THE INPUT:
····················

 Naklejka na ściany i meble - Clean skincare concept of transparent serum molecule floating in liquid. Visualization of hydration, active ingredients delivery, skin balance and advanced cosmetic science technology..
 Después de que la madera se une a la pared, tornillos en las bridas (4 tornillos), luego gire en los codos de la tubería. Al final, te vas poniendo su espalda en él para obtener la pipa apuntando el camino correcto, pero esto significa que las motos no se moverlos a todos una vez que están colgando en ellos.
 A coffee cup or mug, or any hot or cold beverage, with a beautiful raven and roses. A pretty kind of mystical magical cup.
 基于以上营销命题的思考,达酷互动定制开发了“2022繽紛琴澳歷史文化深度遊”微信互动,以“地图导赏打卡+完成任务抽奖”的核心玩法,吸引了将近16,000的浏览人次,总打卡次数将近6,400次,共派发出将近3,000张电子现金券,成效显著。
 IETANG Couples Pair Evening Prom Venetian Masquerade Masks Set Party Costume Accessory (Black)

····················

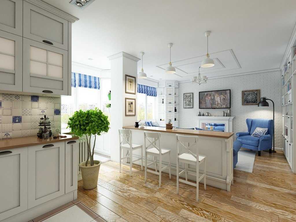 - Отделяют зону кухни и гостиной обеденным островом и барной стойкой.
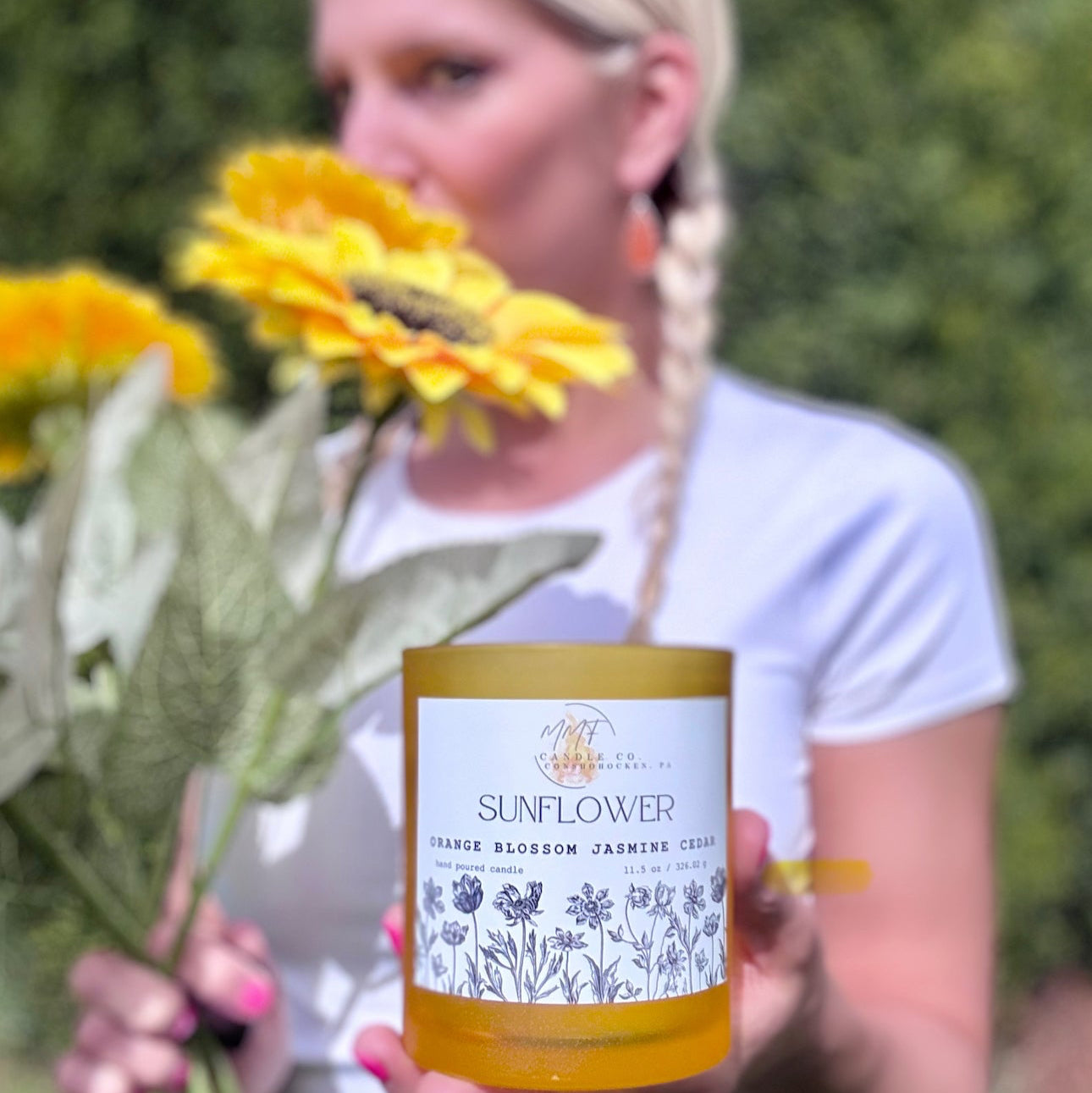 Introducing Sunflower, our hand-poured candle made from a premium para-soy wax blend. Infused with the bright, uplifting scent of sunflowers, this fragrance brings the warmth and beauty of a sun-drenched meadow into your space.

····················

YOUR ASSIGNMENT: Transcribe the lines above between the line holding "Naklejka na ściany" and the line holding "IETANG Couples Pair", inclusive, exactly as they stand and with nothing added.

OUTPUT BELOW:
 Naklejka na ściany i meble - Clean skincare concept of transparent serum molecule floating in liquid. Visualization of hydration, active ingredients delivery, skin balance and advanced cosmetic science technology..
 Después de que la madera se une a la pared, tornillos en las bridas (4 tornillos), luego gire en los codos de la tubería. Al final, te vas poniendo su espalda en él para obtener la pipa apuntando el camino correcto, pero esto significa que las motos no se moverlos a todos una vez que están colgando en ellos.
 A coffee cup or mug, or any hot or cold beverage, with a beautiful raven and roses. A pretty kind of mystical magical cup.
 基于以上营销命题的思考,达酷互动定制开发了“2022繽紛琴澳歷史文化深度遊”微信互动,以“地图导赏打卡+完成任务抽奖”的核心玩法,吸引了将近16,000的浏览人次,总打卡次数将近6,400次,共派发出将近3,000张电子现金券,成效显著。
 IETANG Couples Pair Evening Prom Venetian Masquerade Masks Set Party Costume Accessory (Black)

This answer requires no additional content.